Nassim Taleb’s analysis of the financial crisis hinged on such surprises and took him back to the work of British economist G L S Shackle. Shackle had emphasised the importance of imagination in economics. Put at its most basic, any attempt to assign probabilities to future events depends upon the starting point of listing the alternatives that might occur. Statisticians call it the sample space. If we don’t imagine some specific future we won’t bother thinking about the probability that it might come to be. Imagination is crucial to economics but it turns out to be much more pervasive as an engine of improvement that at first is obvious.

Imagination and creativity

Frank Whittle had to imagine the jet engine before he could bring it into being. Alan Turing had to imagine the computer. They were both fortunate in that they were able to test their imagination by construction. It was all realised in a comparatively short period of time. Whittle’s and Turing’s respective imaginations were empirically verified.

What is now proved was once but imagined.

William Blake

Not everyone has had the privilege of seeing their imagination condense into reality within their lifetime. In 1946, Sir George Paget Thomson and Moses Blackman imagined a plentiful source of inexpensive civilian power from nuclear fusion. As of writing, prospects of a successful demonstration seem remote. Frustratingly, as far as I can see, the evidence still refuses to tip the balance as to whether future success is likely or that failure is inevitable.

Something as illusive as imagination can have a testable factual content. As we know, not all tests are conclusive.

Imagination and analysis

Imagination turns out to be essential to something as prosaic as Root Cause Analysis. And essential in a surprising way. Establishing an operative cause of a past event is an essential task in law and engineering. It entails the search for a counterfactual, not what happened but what might have happened to avoid the  regrettable outcome. That is inevitably an exercise in imagination.

In almost any interesting situation there will be multiple imagined pasts. If there is only one then it is time to worry. Sometimes it is straightforward to put our ideas to the test. This is where the Shewhart cycle comes into its own. In other cases we are in the realms of uncomfortable science. Sometimes empirical testing is frustrated because the trail has gone cold.

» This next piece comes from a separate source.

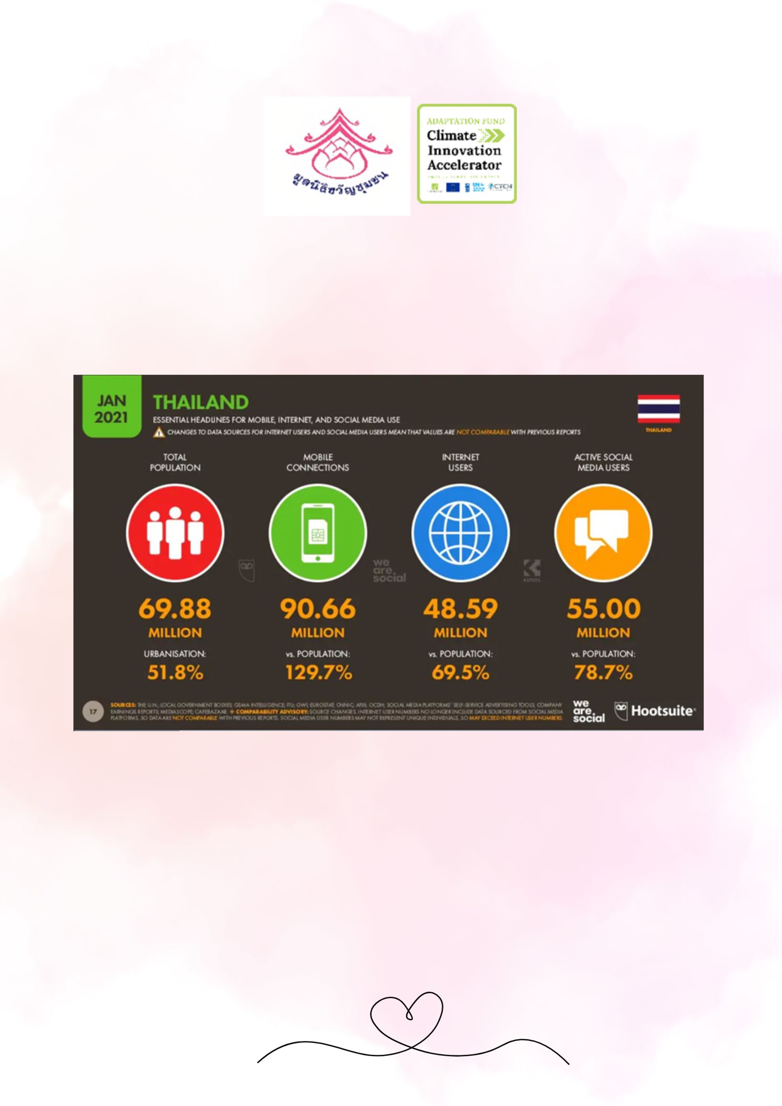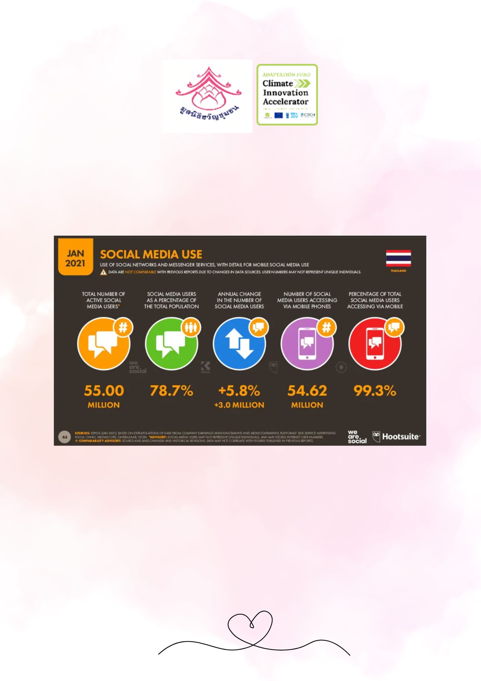 In this regard, Thai social media users are number one in using Facebook, followed by YouTube and Line. Therefore, various communications reaching the target group need to be studied and adjusted in order to make communication more efficient and effective aimed at adapting and changing behavior that leads to personal development and society change as well promoting and sharing of experience on climate change adaptation innovation.

The issues of counterfactuals, Root Cause Analysis and causation have been explored by psychologists Daniel Kahneman1 and Ruth Byrne2 among others. Reading their research is a corrective to the optimistic view that Root Cause analysis is some sort of inevitably objective process. It is distorted by all sorts of heuristics and biases. Empirical testing is vital, if only through finding some data with borrowing strength.

Imagine a millennium bug

In 1984, Jerome and Marilyn Murray published Computers in Crisis in which they warned of a significant future risk to global infrastructure in telecommunications, energy, transport, finance, health and other domains. It was exactly those areas where engineers had been enthusiastic to exploit software from the earliest days, often against severe constraints of memory and storage. That had led to the frequent use of just two digits to represent a year, “71” for 1971, say. From the 1970s, software became more commonly embedded in devices of all types. As the year 2000 approached, the Murrays envisioned a scenario where the dawn of 1 January 2000 was heralded by multiple system failures where software registers reset to the year 1900, frustrating functions dependent on timing and forcing devices into a fault mode or a graceless degradation. Still worse, systems may simply malfunction abruptly and without warning, the only sensible signal being when human wellbeing was compromised. And the ruinous character of such a threat would be that failure would be inherently simultaneous and global, with safeguarding systems possibly beset with the same defects as the primary devices. It was easy to imagine a calamity.

Risk matrixYou might like to assess that risk yourself (ex ante) by locating it on the Risk Assessment Matrix to the left. It would be a brave analyst who would categorise it as “Low”, I think. Governments and corporations were impressed and embarked on a massive review of legacy software and embedded systems, estimated to have cost around $300 billion at year 2000 prices. A comprehensive upgrade programme was undertaken by nearly all substantial organisations, public and private.

Then, on 1 January 2000, there was no catastrophe. And that caused consternation. The promoters of the risk were accused of having caused massive expenditure and diversion of resources against a contingency of negligible impact. Computer professionals were accused, in terms, of self-serving scare mongering. There were a number of incidents which will not have been considered minor by the people involved. For example, in a British hospital, tests for Down’s syndrome were corrupted by the bug resulting in contra-indicated abortions and births. However, there was no global catastrophe.

This is the locus classicus of a counterfactual. Forecasters imagined a catastrophe. They persuaded others of their vision and the necessity of vast expenditure in order to avoid it. The preventive measures were implemented at great costs. The Catastrophe did not occur. Ex post, the forecasters were disbelieved. The danger had never been real. Even Cassandra would have sympathised.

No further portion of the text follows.